Entscheidungsgründe:

Die Berufung der Klägerin ist form- und fristgerecht eingelegt (§§ 143, 151 SGG) und auch im Übrigen zulässig.

Das Rechtsmittel der Klägerin erweist sich als nicht begründet. Die Beklagte durfte den ursprünglichen Bescheid vom 08.07.1991 bezüglich der Anerkennung der Kindererziehungszeit für das Kind Angelika vom 13.10.1955 bis 31.01.1956 gem § 45 SGB X aufheben. Die Klägerin hatte bei ihrem Erstantrag im April 1991 die mit der Flucht aus der damaligen DDR verbundene räumliche Trennung von ihrer Tochter Angelika verschwiegen, so dass die objektiv fehlerhafte Entscheidung im Bescheid vom 08.07.1991 allein auf den unzutreffenden Angaben der Klägerin beruhte. In der Folgezeit hat die Klägerin mitgeteilt, dass sie ihre Tochter nach ihrer Flucht am 23.10.1955 bis einschl. 31.07.1956 nicht habe besuchen können (Schreiben vom 27.01.1997 an die Beklagte). Das Erstgericht hat den streitigen Anspruch auf Vormerkung einer Kindererziehungszeit vom 13.10.1955 bis 31.01.1956 mit zutreffenden Erwägungen verneint. Aus denselben Gründen erweist sich das Rechtsmittel der Klägerin als unbegründet, weshalb der Senat von einer weiteren Darstellung der Entscheidungsgründe absieht und statt dessen auf die schriftlichen Ausführungen des angefochtenen Urteils verweist (§ 153 Abs 2 SGG).

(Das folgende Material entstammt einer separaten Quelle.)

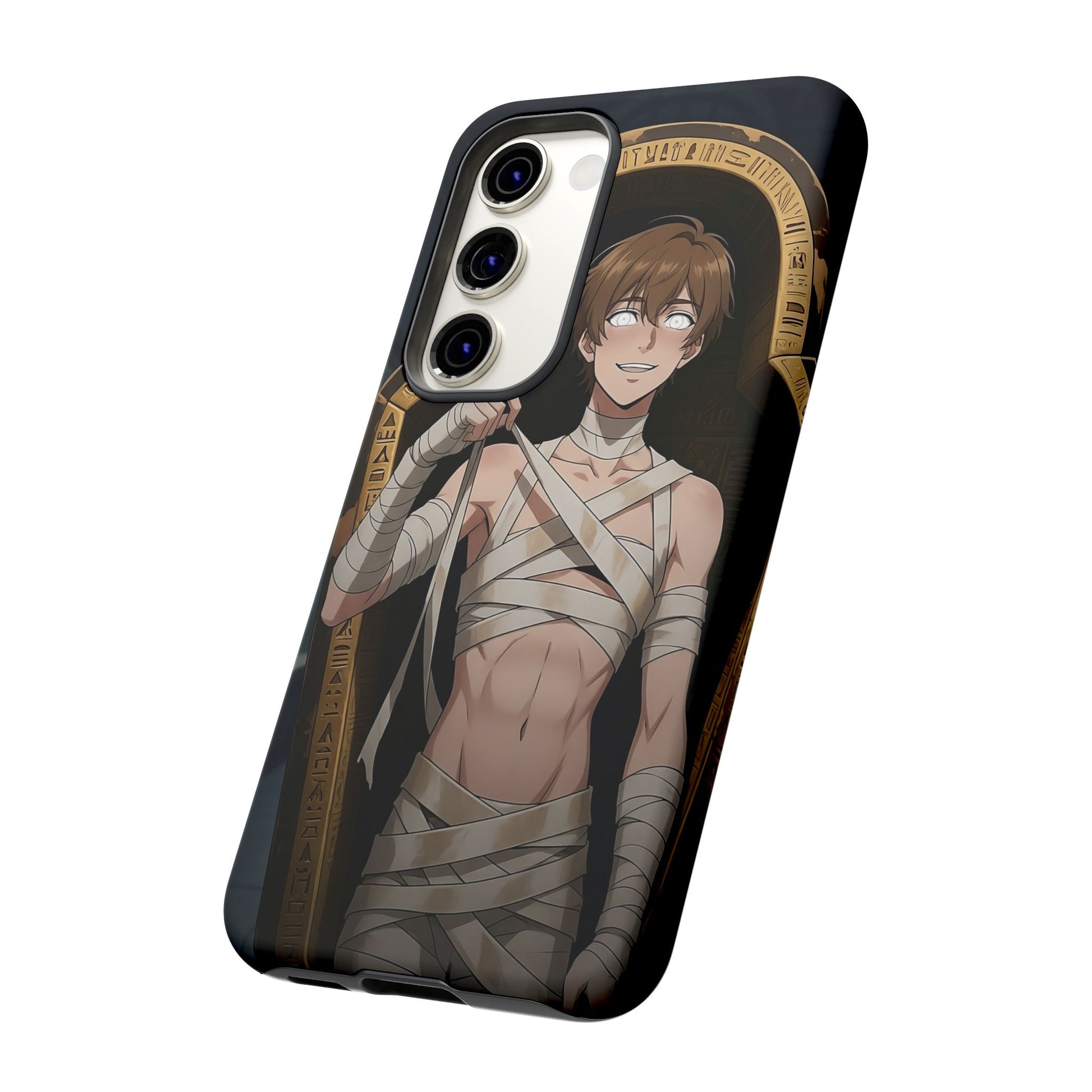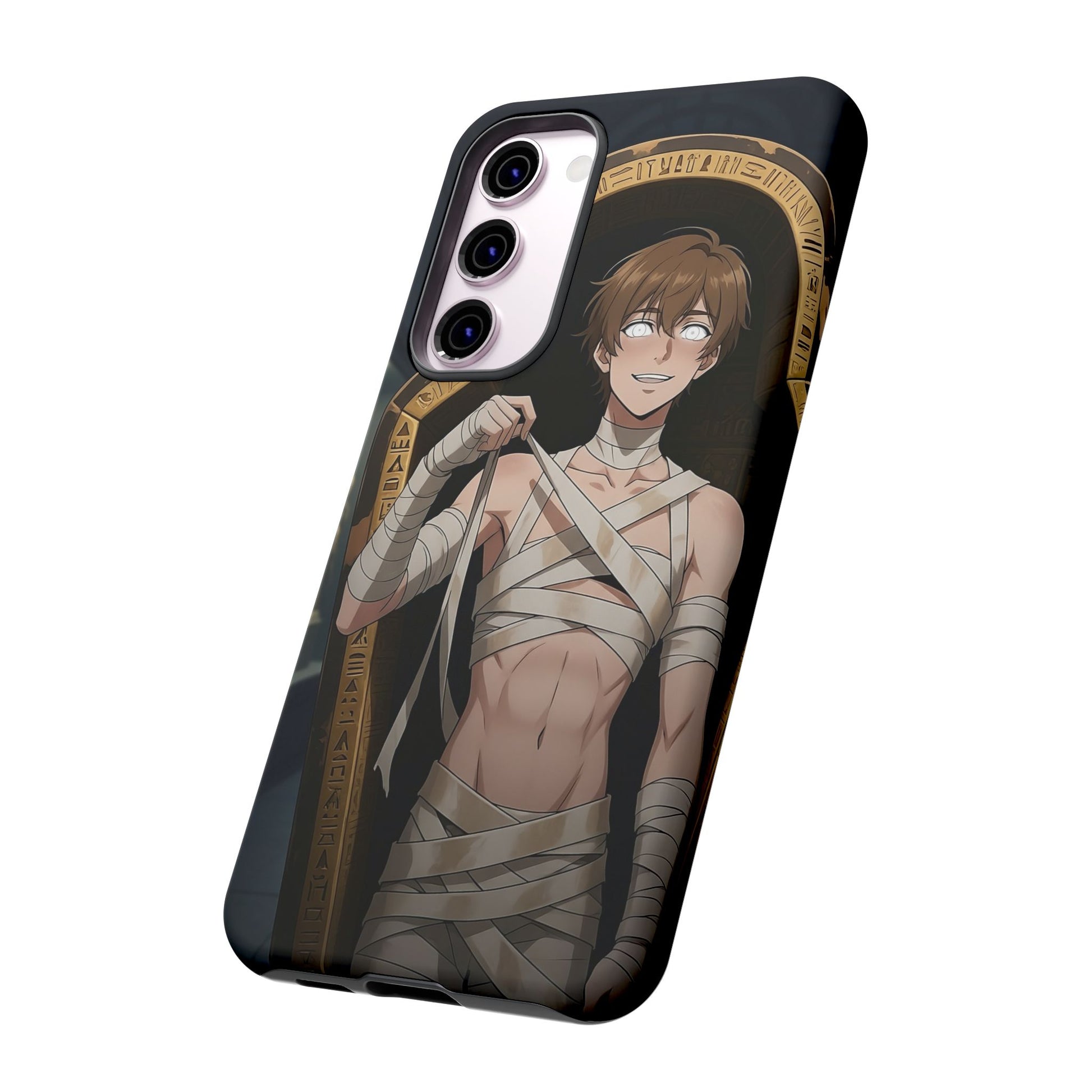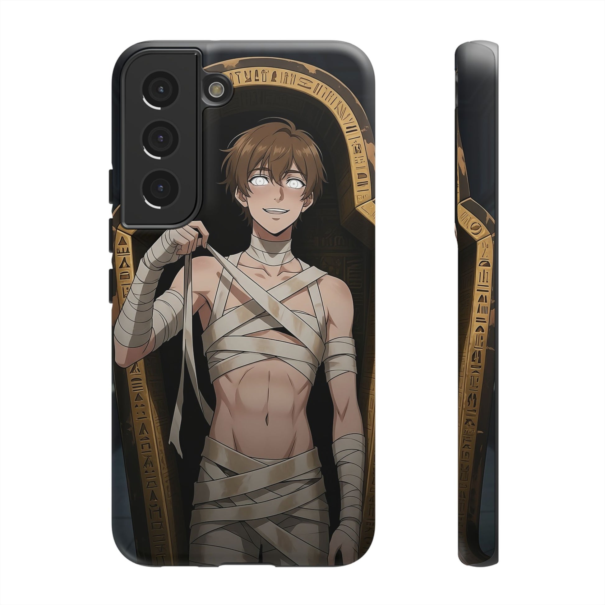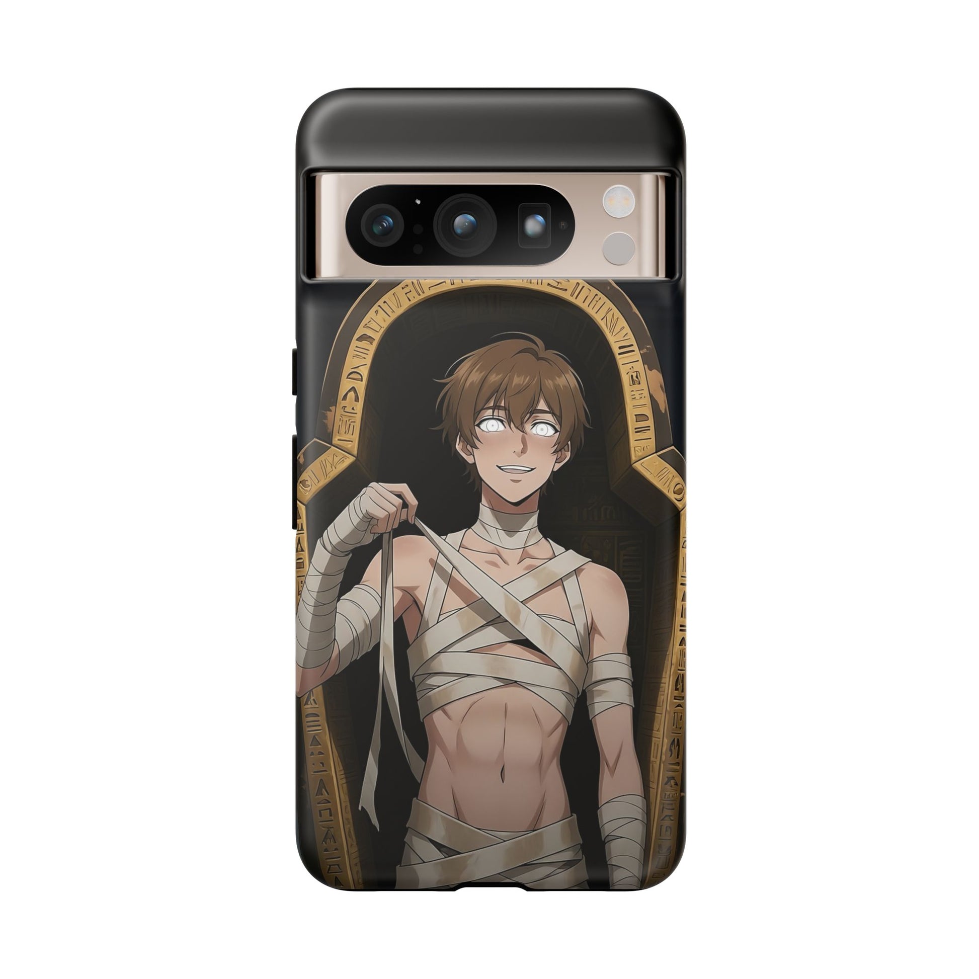 Drop protection with desert-prince drip. This gothic anime phone case stars Imhotep, our mummy heartthrob, wrapped in luxe bandages and serving “ancient royalty, still your type” energy. The full 3D wrap art covers the entire case in vivid, high-density color, so every angle hits like a panel from your favorite manga. Slim, grippy, and ready for daily chaos, it’s everyday armor for monster lovers of all genders who want their phone to look as dramatic as their playlist.
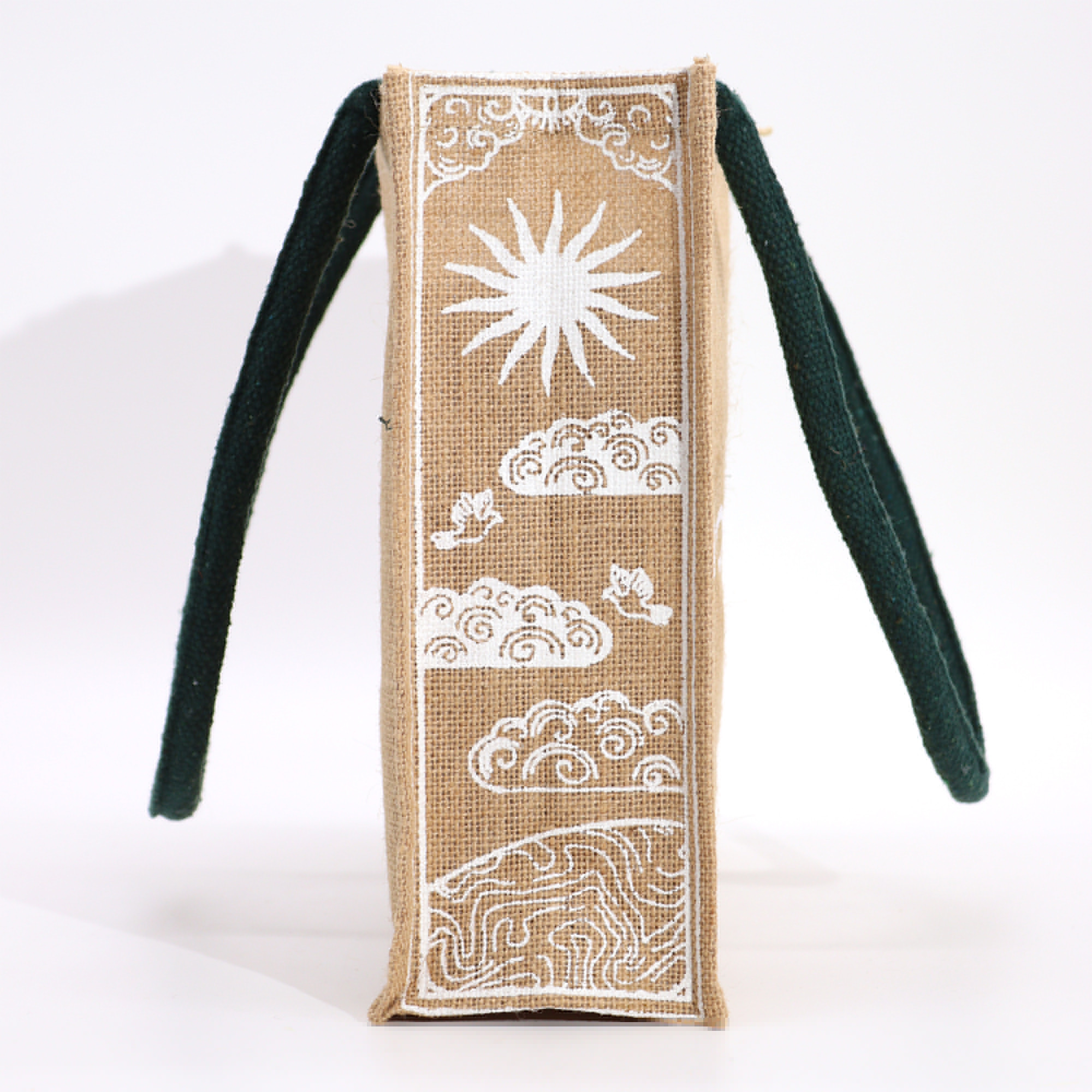 With a delightful sun design, this jute bag embodies optimism and cheerfulness.
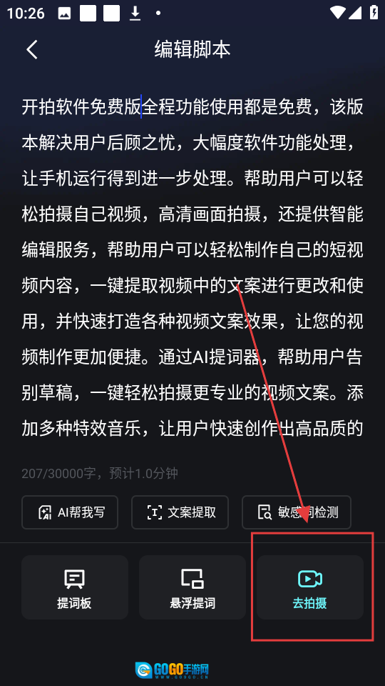 3、脚本编辑完成后,点击【去拍摄】按钮,即可进入拍摄页面使用提词器功能。
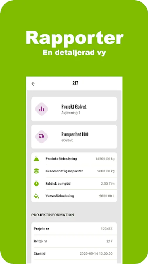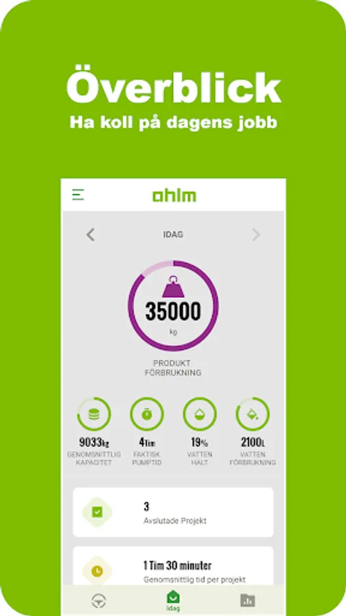 Varje gång en Ahlm pumpenhet utför ett jobb kan du få tillgång till ett antal mätpunkter i digitalt format i appen. Statistik i ett enkelt gränssnitt helt enkelt.
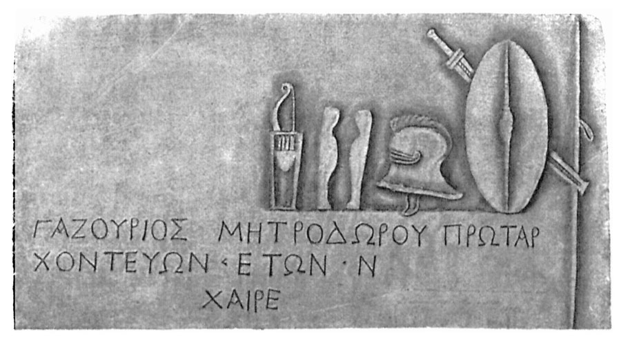 от мраморных надгробных стел с несколькими поврежденными буквами греческой надписи на одном обломке и латинской надписи на другом; надгробие
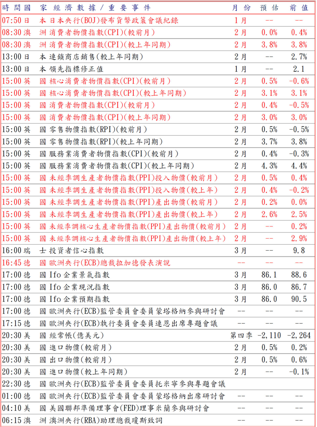 昨日紐西蘭央行(RBNZ)總裁布雷曼警告若通貨膨脹有固化之勢,可能需要加息,但據澳盛銀行(ANZ)-Roy Morgan每周消費者調查,澳洲主要信心指數上周跌至1973年調查以來最低63.1,而且美國總統川普延後對伊朗的襲擊,伊朗外交部則否認曾進行談判,投資人亦質疑全球股市反彈能否持續,壓抑澳幣和紐元等風險貨幣。

Demgegenüber wirkt das erstmalige Vorbringen der Klägerin im Berufungsverfahren, sie habe sich in der Zeit zwischen 13.10.1955 bis 29.10.1956 mindestens 95 mal (also durchschnittlich etwa zwei Mal in der Woche) in Ostberlin am Grenzübergang "Checkpoint-Charly" heimlich mit ihrer Mutter und ihrer Tochter getroffen, völlig unglaubwürdig. Abgesehen davon, dass sich die Klägerin damit eklatant in Widerspruch zu ihren früheren Einlassungen setzt, hat die Beklagte in diesem Zusammenhang mit Recht darauf hingewiesen, dass der Grenzübergang Checkpoint-Charly erst 1961 (nach dem Mauerbau am 13. August) eingerichtet wurde. Auch ist es völlig unwahrscheinlich und widerspricht jeglicher Lebenserfahrung, dass die Mutter der Klägerin - noch dazu in den Herbst/Winter-Monaten Oktober 1955 bis Januar 1956 - mit dem noch nicht einmal 12 Monate alten Enkelkind etwa zwei Mal in der Woche die weite (320 bis 350 km) und - angesichts der seinerzeit unzulänglichen Verkehrs- bzw Straßenverhältnisse - zeitraubende und beschwerliche Reise von Saalfeld/Thüringen nach Berlin unternommen hat, um sich unter erheblicher Gefährdung der beteiligten Personen für kurze Zeit in einem auch schon 1955/56 von der Volkspolizei der DDR intensiv überwachten Gebiet aufzuhalten.

Die Berufung der Klägerin war deshalb zurückzuweisen.

Außergerichtliche Kosten nicht zu erstatten (§ 193 SGG).

Gründe für die Zulassung der Revision liegen nicht vor.